Через утилитарное использование героем параллельного сюжета собственной жизни. Один и тот же герой по фамилии Тальбо пространственно разворачивается в XXI и XVI вв. Но повествование линейно, все формы присутствия проговариваются самим субъектом, а не моделируются автором сюжетно. Причем параллельные события не альтернативны, не равны в своей ценности: дополнительный сюжет привлекается не с целью показать сложную пространственно-временную организацию вселенной, одновременность нескольких присутствий человека в мире, но только для того, чтобы исцелить сюжет первичный, «основной». Любовная коллизия, имевшая место быть в XV в., прорывается в унылое существование современного нам налогового инспектора и преображает угасающие отношения здесь, в веке XXI («самая великая любовь, какую я узнал в этом мире, восходит к XV в.»). Получая возможность экзистировать одновременно в XV и XXI вв., герой преодолевает «монотонность существования». Жившая в XV столетии Изабо увеличивает значимость Коринны – его возлюбленной в веке XXI: «Эта любовь соединяла нас с Коринной тесными духовными узами, украшала наш союз <…> иным смыслом. Умершая в XV веке дарила нам, живущим ныне, полную жизнь. Мы навсегда забыли о ревности, о самоуничижении, о страхе потерять другого. <…> Я наконец
В текстах с неясной многомерной фабулой («В чаще» Р. Акутагавы, «Черный принц» А. Мердок) показана незначительность установки «на самом деле», не требуется доминирующий сюжет с претензией на единственность. У Ковеларта же все другие, «чужие» формы существования привлекаются для нахождения основной, единственно ценной судьбы. Словно для обретения единичности необходимо пройти множественность, стать «бабушкой своей души» (Павич), чтобы обрести единственную душу, совпасть с ней абсолютно, как совпадают с самим собой. У Ковеларта, таким образом, множественность создается для вычерчивания единственного. Спасение ищется не в новых фабулах одной жизни, но в усложнении внутреннего сюжета через моделирование фабулы, разворачивающейся в параллельном времени.

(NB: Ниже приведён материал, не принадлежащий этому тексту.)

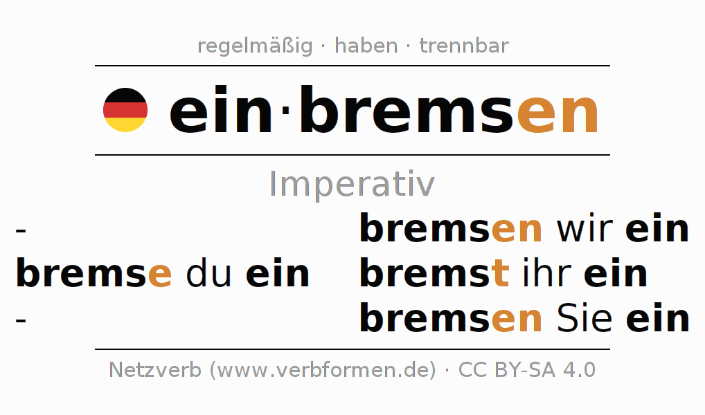 Das Verb einbremsen vollständig in allen Personen und Numeri im Imperativ Präsens konjugiert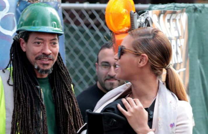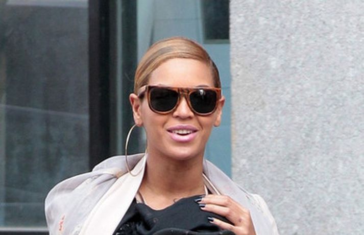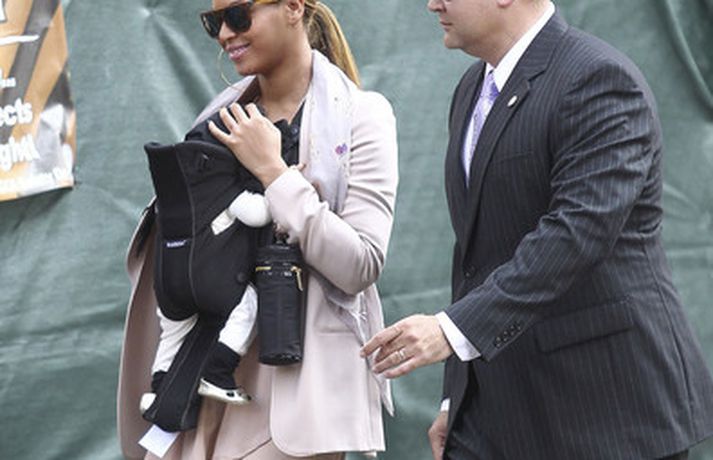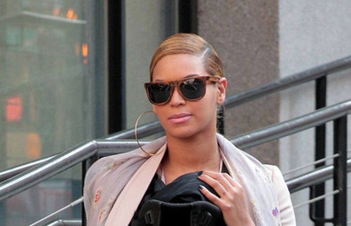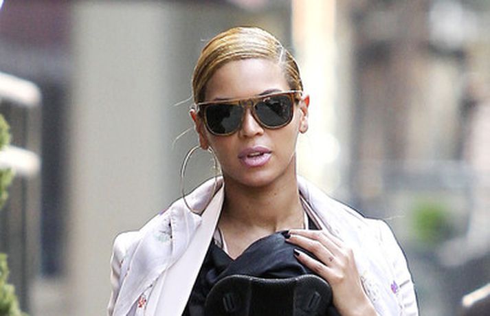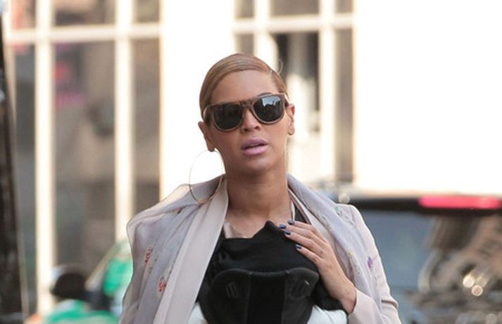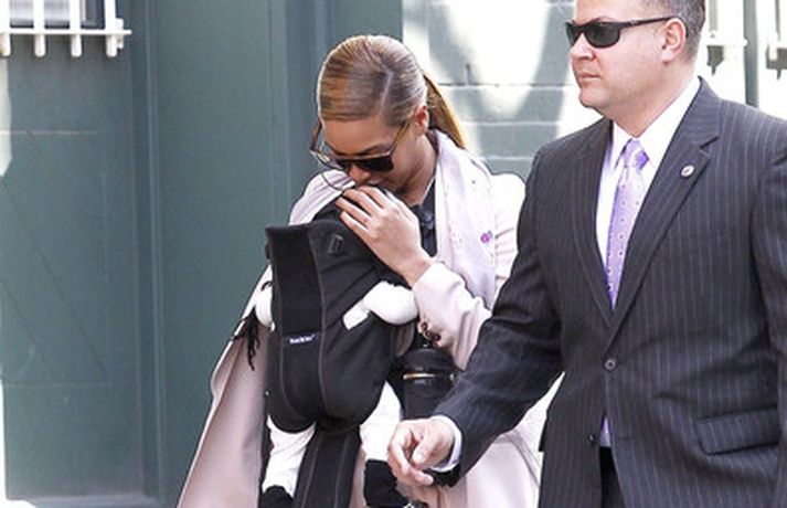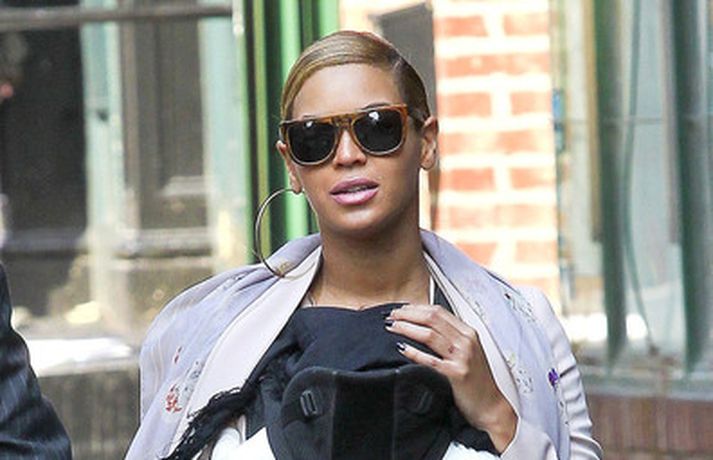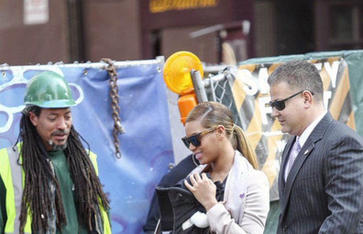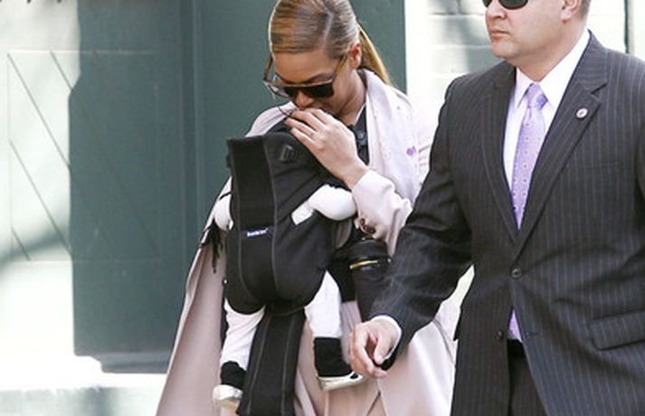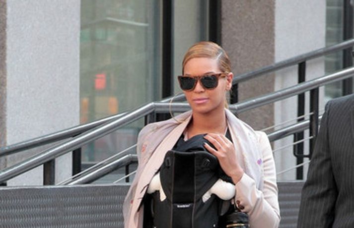 Söngkonan Beyonce Knowles, 30 ára, gekk um götur New York borgar í gær með dóttur sína, Blue Ivy , framan á sér í barnapoka. Eins og sjá má á myndunum vöktu mæðgurnar athygli vegfarenda en þær voru í fylgd lífvarðar sem passaði upp á þær. Eiginmaður og barnsfaðir Beyonce, rapparinn Jay-Z, 42 ára, var fjarri góðu gamni.

Через анализ и проживание «предыдущей» жизни решаются проблемы жизни «нынешней», через «залатывание дыр» прошлого исцеляется настоящее: почтальон-медиум, слышащий голоса душ, живших в XV в., убеждает налогового инспектора Тальбо вовлечься в интригу спасения девушки, жизнь которой он круто изменил 5 столетий назад, что приводит к неудачам в жизни нынешней: «Подумайте хорошенько, не случалось ли Жан-Люку Тальбо в его нынешней ипостаси предавать или бросать кого-то? Может, в этом-то и вся загвоздка?» [4, 144]. И герой, ничего, по его признанию, не создавший в ипостаси Жан-Люка Тальбо («не посадил дерево, не построил дом, не родил сына»), действительно задумывается о «возможности исправить горе, причиненное средневековым соблазнителем», что, возможно, «станет первым достойным деянием» в его жизни [4, 222].
Субъектная организация текста (или система внутритекстовых дискурсов в терминологии Н. Тамарченко и В. Тюпы) проста. Роман строится по правилам авантюрного сюжета с традиционной детективной интригой. История, в которую вовлекается главный герой, налоговый инспектор Жан-Люк Тальбо, последовательно раскрывается перед читателем различными своими версиями, внезапно сменяющими одна другую. Попадание инспектора в средневековый замок, где ему предлагается развязать завязанные в XV в. узлы, освободив замученную им – прежним – графиню Изабо, объясняется и древней магией, и хорошо спланированными кознями налогоплательщиков, и психоаналитически-фрейдистской концепцией, и квантовой физикой в ее популяризаторском изводе…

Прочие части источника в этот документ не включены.